Heat batteries can potentially store thermal energy for up to five days, but they work best on a more frequent cycle, points out Keane. He adds: “On this programme, where the batteries are intended for vehicles in daily operation, they will be constantly charged and discharged, an ideal scenario which aids longevity. So far, Sunamp has put its longest-running batteries through over 43,000 charging cycles, with zero performance degradation.”
This project covers installation of two heat batteries with latent temperatures of 58°C and 81°C. The latter is fitted close to the engine, while the other is tucked away in dead space above the fuel tank. Sunamp’s PCMs are both non-flammable and non-toxic, qualities which improve safety even in accident conditions in which the battery cases were breached.

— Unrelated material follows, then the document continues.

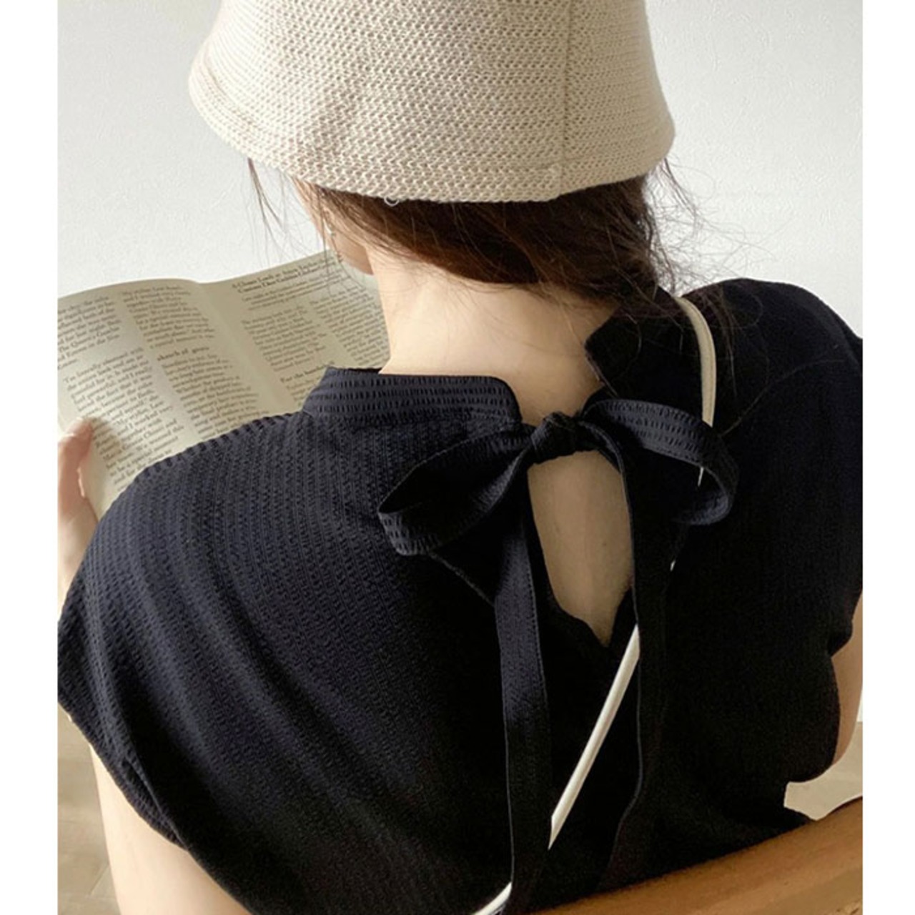 ・バックリボンがアクセント!ナチュラルな雰囲気ながら、上品さもプラスしたデザイン。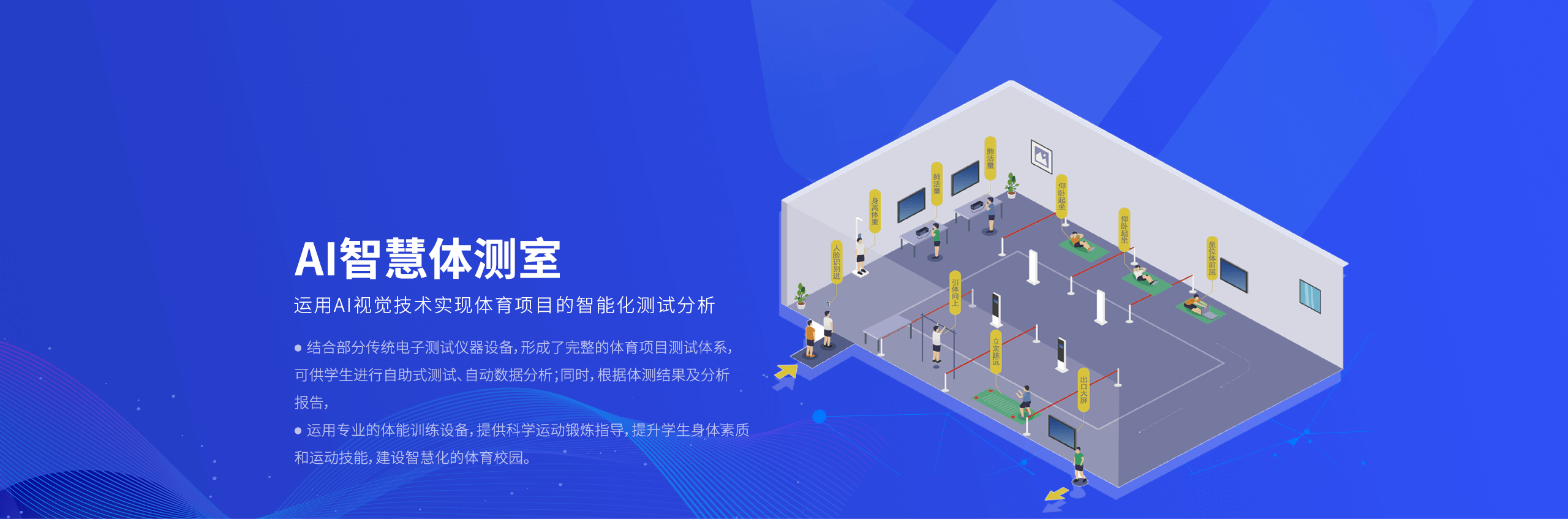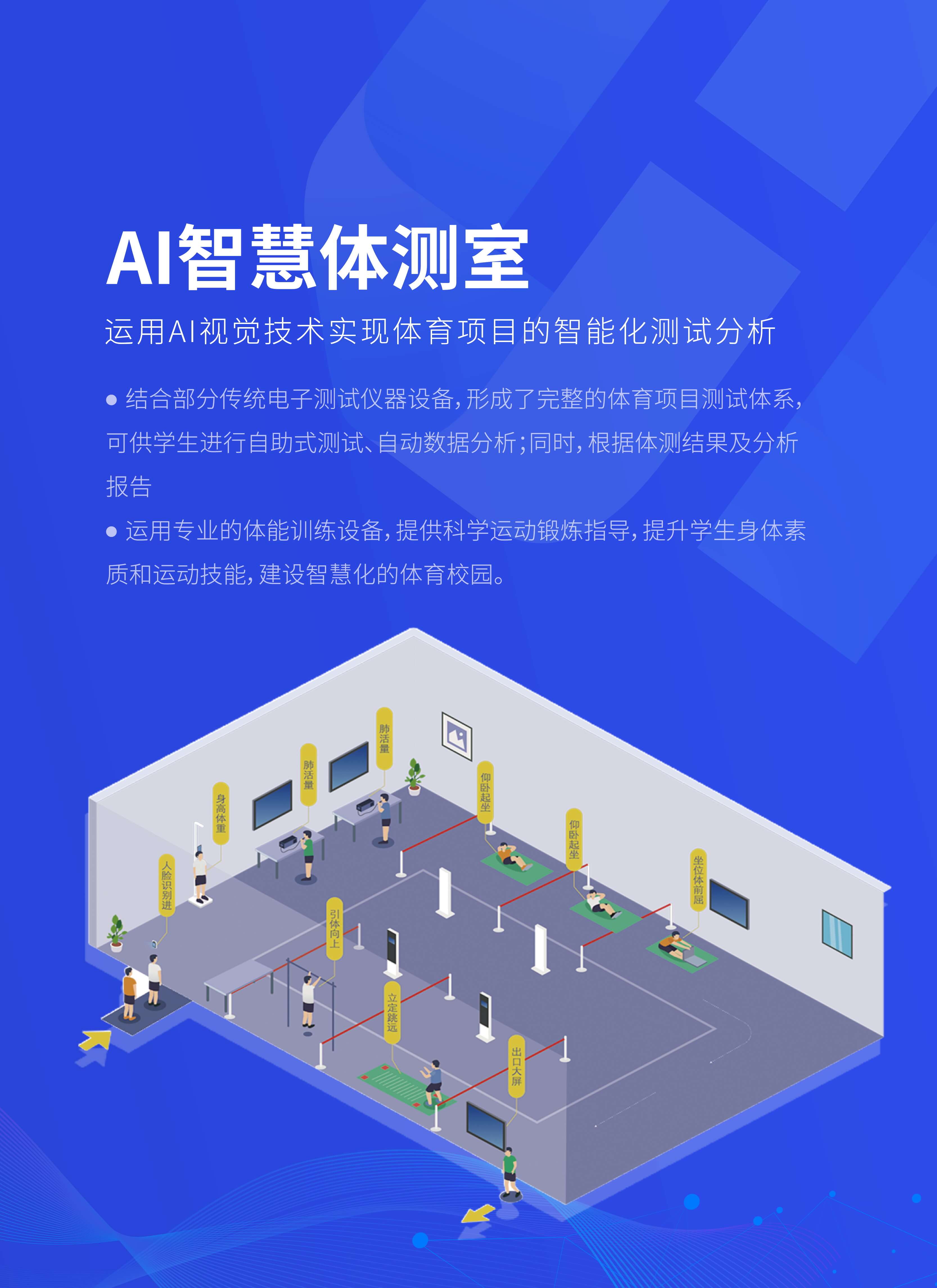智慧体测室是运用AI视觉技术实现体育项目的智能化测试分析。结合部分传统电子测试仪器设备,形成了完整的体育项目测试体系,可供学生进行自助式测试、自动数据分析;同时,根据体测结果及分析报告,运用专业的体能训练设备,提供科学运动锻炼指导,提升学生身体素质和运动技能,建设智慧化的体育校园。

“With these two sources of stored heat on the vehicle we can do a number of things,” Keane explains. “We can release the heat from the 81°C battery to rapidly warm up the engine for a cold morning start, or from both batteries to warm up the driver and passenger cabins.” The production readiness phase of the diesel-electric hybrid solution was due to be completed last month, by which time the system will be ready for field trials.
Then it will be installed into an as-yet-undecided number of Go-Ahead London’s buses, which will then continue on their standard operational runs. In addition to this diesel-electric version, a related project of a system for fully electric vehicles has reached proof-of-concept phase. That work continues.
BOX: MAKING THE RIGHT CHOICE
A study by the International Council of Clean Transportation (www.is.gd/lilowa) has found that the choice of refrigerant used in vehicle air conditioning systems has a big effect on lifetime costs. It tested three alternatives to the current standard, R134a: R744 (CO2), R1234yf and R152a. Switching to one of these alternatives – which have many times lower global warming potential than R134a – combined with installing systems that have improved efficiency, reduced leakage and using load reduction and powertrain optimisation strategies reduced lifetime costs by $1,000-$3,000, and cut emissions by 70%.